Problem description. Nothing should appear in the answer except the lines below from the line containing "Silicone Pasta Fork" through the line containing "Dětské tričko Cool", copied exactly, with pictures left out.

Excerpted records.
· · · · · · ·

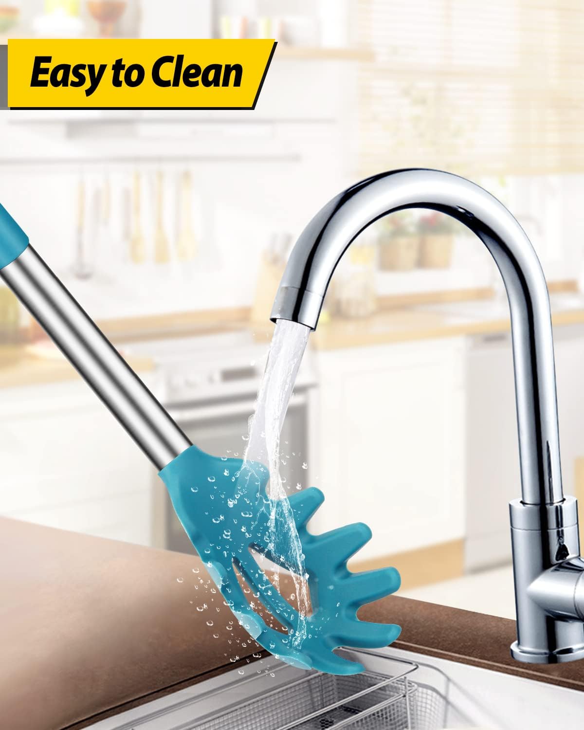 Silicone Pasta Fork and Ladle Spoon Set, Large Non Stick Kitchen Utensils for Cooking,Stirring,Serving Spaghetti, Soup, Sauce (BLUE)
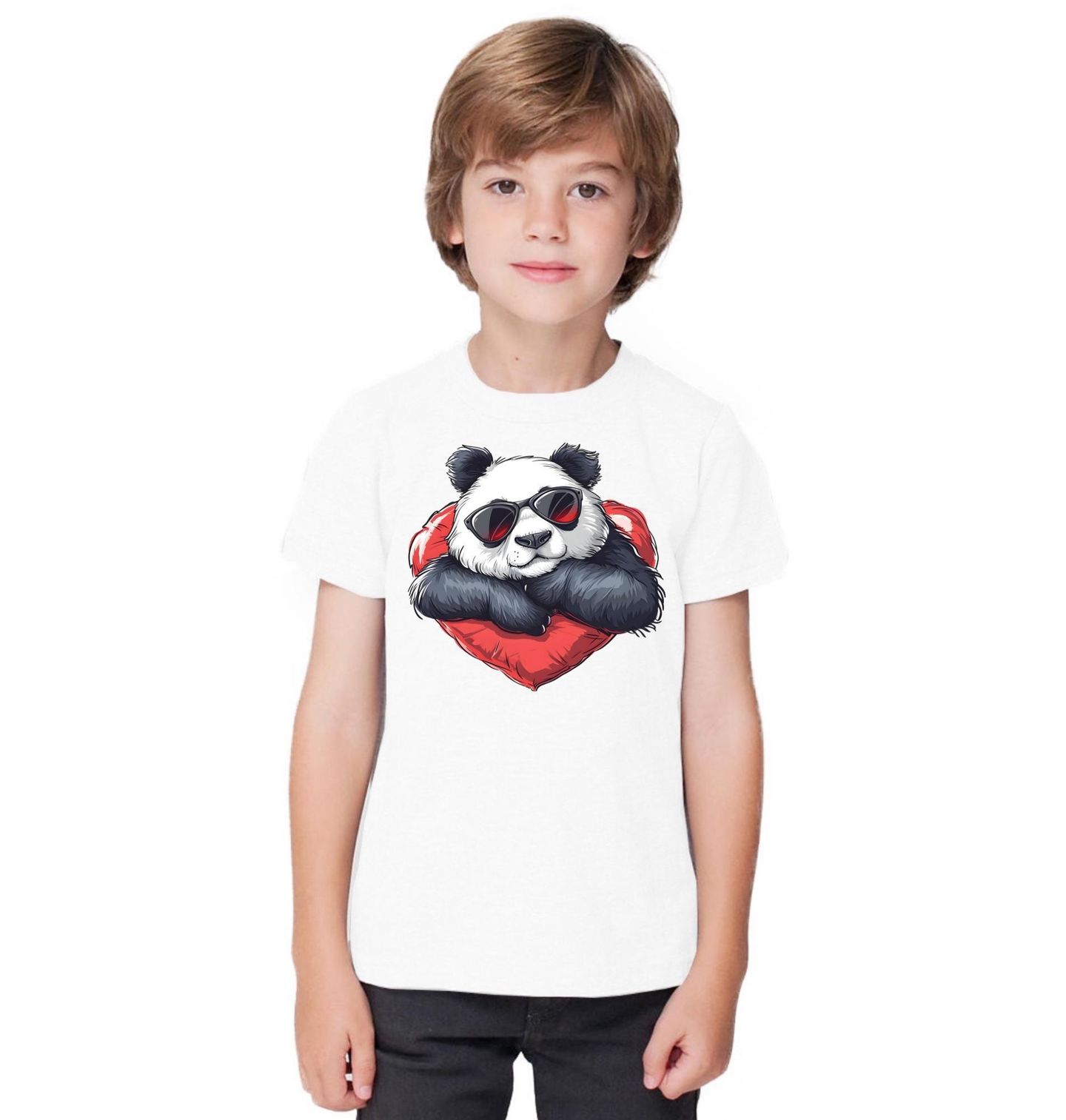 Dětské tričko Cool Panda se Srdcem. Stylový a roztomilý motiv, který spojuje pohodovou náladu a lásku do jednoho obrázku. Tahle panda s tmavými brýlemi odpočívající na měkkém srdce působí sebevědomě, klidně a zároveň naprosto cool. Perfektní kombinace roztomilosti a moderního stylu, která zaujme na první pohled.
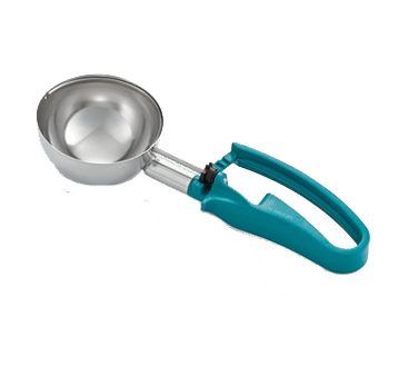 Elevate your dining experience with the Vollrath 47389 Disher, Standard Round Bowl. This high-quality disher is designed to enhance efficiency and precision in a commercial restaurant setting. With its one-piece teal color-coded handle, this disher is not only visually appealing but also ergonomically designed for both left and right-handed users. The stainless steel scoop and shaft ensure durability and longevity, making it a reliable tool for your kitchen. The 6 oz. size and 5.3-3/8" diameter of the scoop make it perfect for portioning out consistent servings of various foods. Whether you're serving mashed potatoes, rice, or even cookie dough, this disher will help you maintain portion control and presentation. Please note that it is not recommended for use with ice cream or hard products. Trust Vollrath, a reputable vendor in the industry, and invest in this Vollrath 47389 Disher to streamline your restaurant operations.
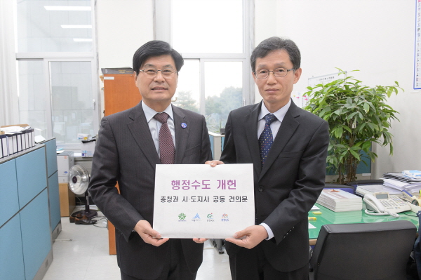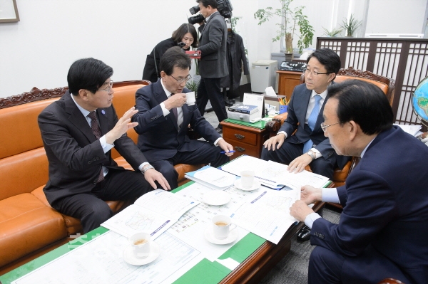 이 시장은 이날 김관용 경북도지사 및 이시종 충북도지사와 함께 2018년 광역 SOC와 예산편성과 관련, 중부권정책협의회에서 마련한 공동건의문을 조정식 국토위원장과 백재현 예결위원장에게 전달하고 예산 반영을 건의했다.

· · · · · · ·

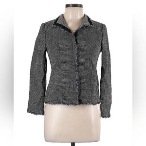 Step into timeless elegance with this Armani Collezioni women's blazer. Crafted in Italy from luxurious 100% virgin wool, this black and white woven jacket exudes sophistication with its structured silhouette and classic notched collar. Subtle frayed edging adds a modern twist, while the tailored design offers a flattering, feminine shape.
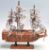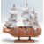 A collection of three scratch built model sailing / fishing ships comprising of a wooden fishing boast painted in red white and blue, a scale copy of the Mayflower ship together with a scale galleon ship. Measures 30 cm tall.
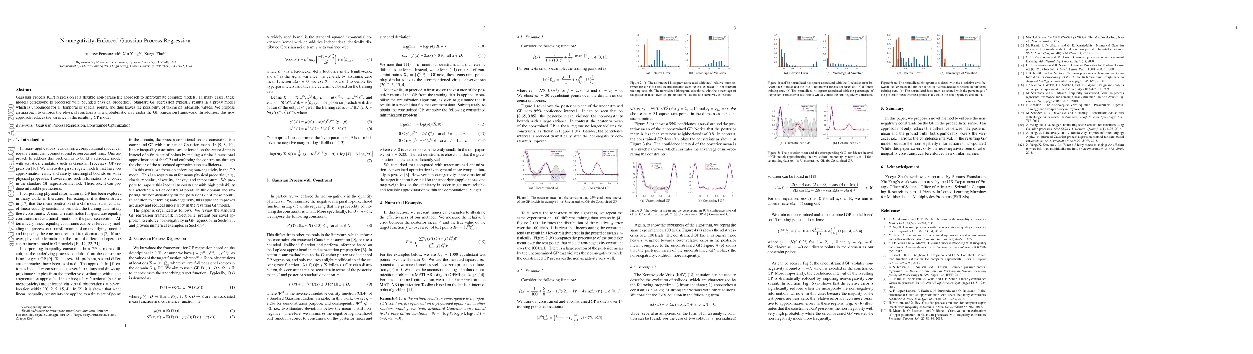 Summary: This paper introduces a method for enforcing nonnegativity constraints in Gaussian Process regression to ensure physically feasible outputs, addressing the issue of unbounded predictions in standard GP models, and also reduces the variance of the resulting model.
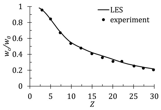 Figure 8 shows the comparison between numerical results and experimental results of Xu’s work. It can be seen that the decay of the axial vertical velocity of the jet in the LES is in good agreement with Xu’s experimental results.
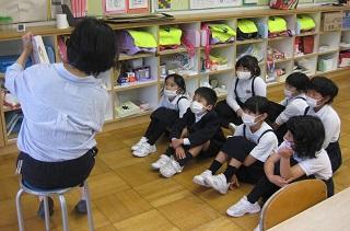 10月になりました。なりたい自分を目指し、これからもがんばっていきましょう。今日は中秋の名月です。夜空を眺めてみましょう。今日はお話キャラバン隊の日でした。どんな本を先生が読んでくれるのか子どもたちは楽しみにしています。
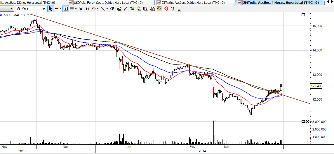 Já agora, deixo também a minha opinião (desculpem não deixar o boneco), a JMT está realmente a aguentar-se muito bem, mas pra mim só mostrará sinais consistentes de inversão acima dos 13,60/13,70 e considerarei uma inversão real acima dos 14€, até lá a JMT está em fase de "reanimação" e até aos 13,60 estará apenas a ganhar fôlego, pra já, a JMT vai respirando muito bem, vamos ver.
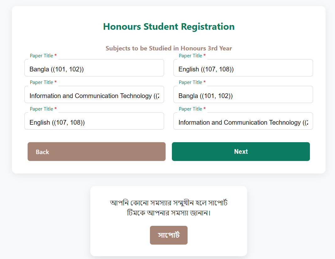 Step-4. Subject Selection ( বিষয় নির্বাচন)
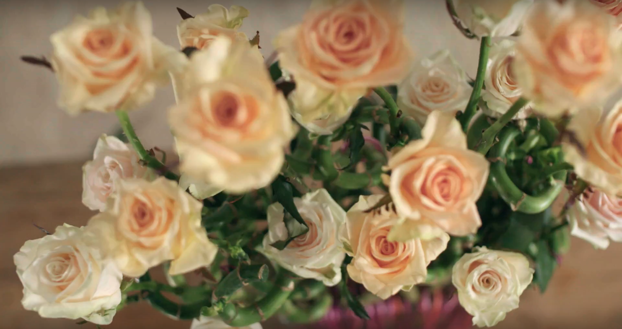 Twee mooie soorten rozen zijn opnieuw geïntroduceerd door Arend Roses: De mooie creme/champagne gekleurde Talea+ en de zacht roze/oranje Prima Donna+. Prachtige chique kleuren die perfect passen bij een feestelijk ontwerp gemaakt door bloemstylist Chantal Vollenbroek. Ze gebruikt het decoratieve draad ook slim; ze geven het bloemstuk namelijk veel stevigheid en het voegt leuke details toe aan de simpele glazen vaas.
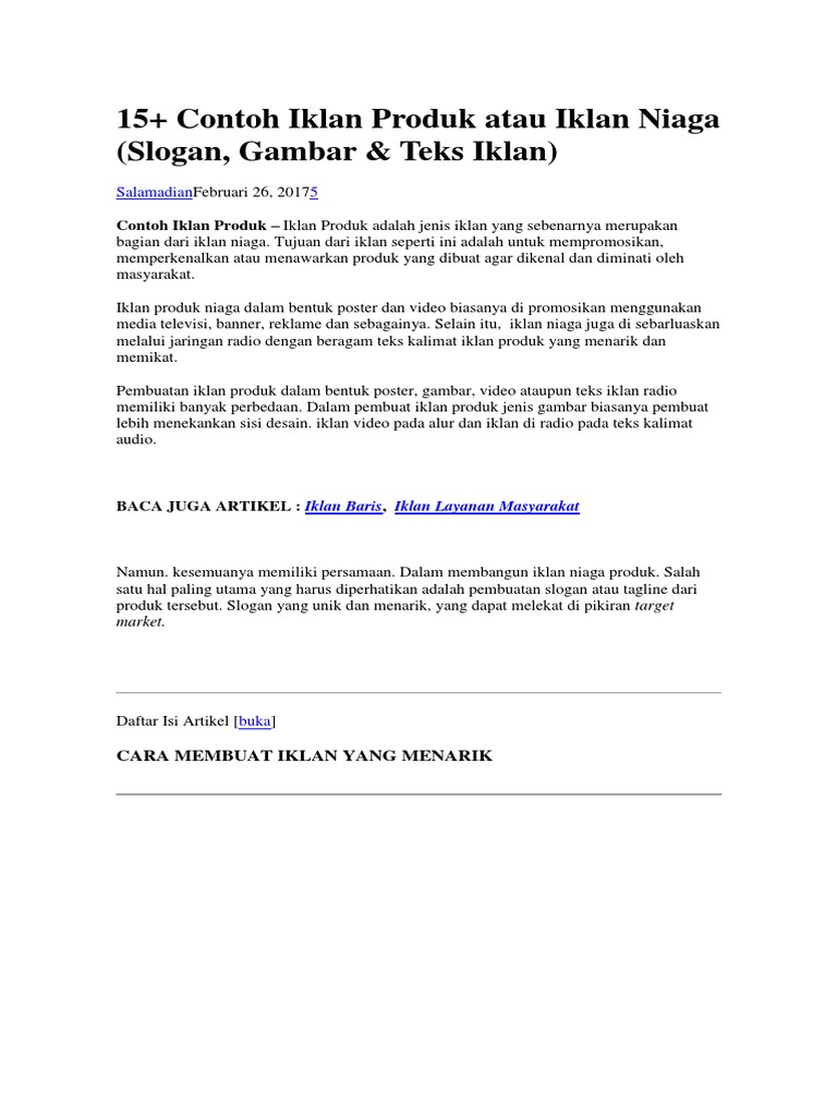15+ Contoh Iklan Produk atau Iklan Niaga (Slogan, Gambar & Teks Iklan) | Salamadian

· · · · · · ·

Worked solution.
 Silicone Pasta Fork and Ladle Spoon Set, Large Non Stick Kitchen Utensils for Cooking,Stirring,Serving Spaghetti, Soup, Sauce (BLUE)
 Dětské tričko Cool Panda se Srdcem. Stylový a roztomilý motiv, který spojuje pohodovou náladu a lásku do jednoho obrázku. Tahle panda s tmavými brýlemi odpočívající na měkkém srdce působí sebevědomě, klidně a zároveň naprosto cool. Perfektní kombinace roztomilosti a moderního stylu, která zaujme na první pohled.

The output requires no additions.